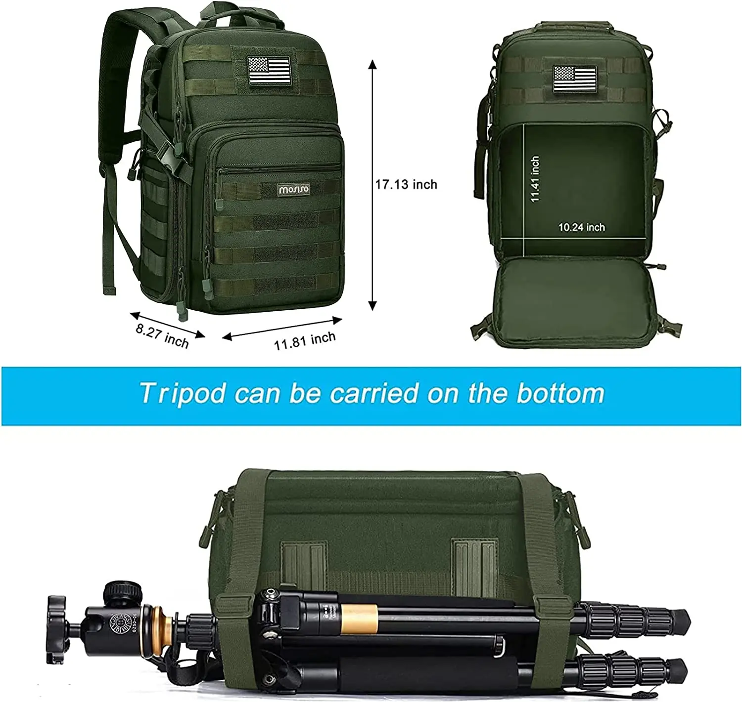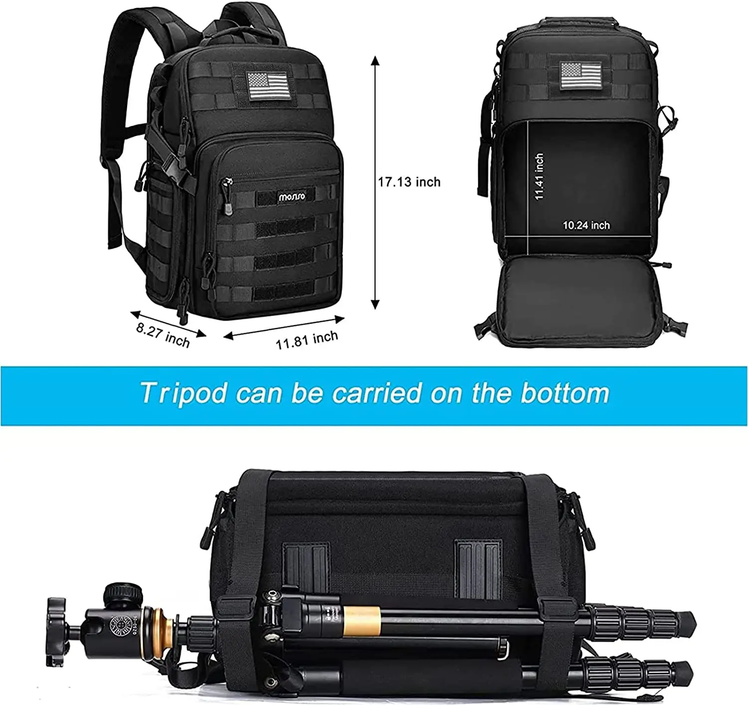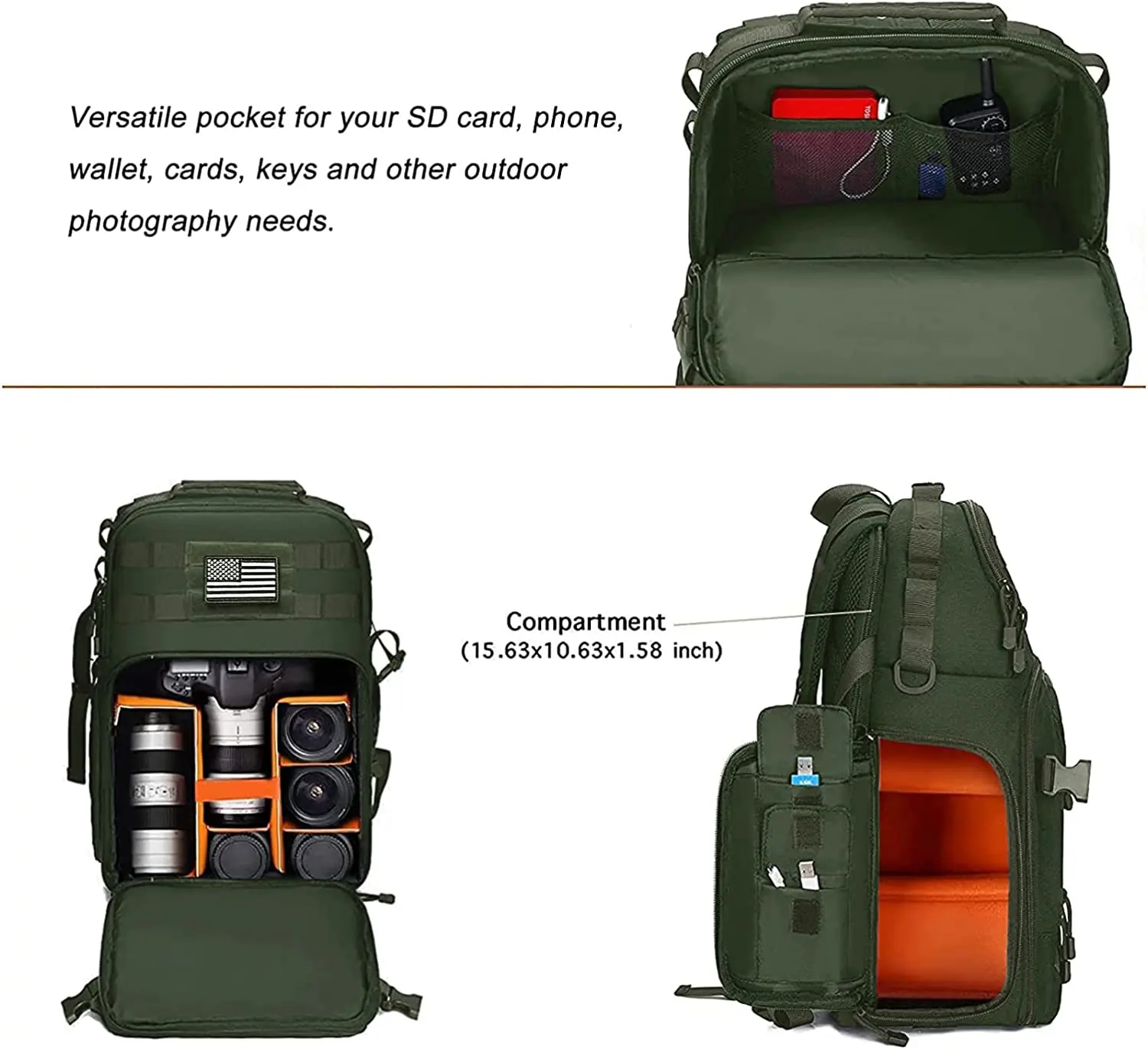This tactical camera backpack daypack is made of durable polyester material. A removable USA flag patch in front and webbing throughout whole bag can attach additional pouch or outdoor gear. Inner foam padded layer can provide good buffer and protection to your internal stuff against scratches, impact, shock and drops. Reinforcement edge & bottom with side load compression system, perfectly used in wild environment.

...

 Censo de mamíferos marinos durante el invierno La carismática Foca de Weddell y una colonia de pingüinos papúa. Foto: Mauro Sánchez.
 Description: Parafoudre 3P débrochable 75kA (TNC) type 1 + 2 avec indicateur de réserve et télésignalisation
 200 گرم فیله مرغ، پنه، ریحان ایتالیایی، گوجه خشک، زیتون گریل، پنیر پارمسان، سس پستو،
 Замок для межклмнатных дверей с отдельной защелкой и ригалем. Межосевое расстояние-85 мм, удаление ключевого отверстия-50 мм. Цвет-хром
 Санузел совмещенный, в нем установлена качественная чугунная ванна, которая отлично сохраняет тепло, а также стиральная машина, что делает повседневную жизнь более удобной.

## TO DO
Please return the lines above that run from the line containing "200 گرم فیله" to the line containing "Замок для межклмнатных", inclusive, exactly and with no other lines.

## THE ANSWER
 200 گرم فیله مرغ، پنه، ریحان ایتالیایی، گوجه خشک، زیتون گریل، پنیر پارمسان، سس پستو،
 Замок для межклмнатных дверей с отдельной защелкой и ригалем. Межосевое расстояние-85 мм, удаление ключевого отверстия-50 мм. Цвет-хром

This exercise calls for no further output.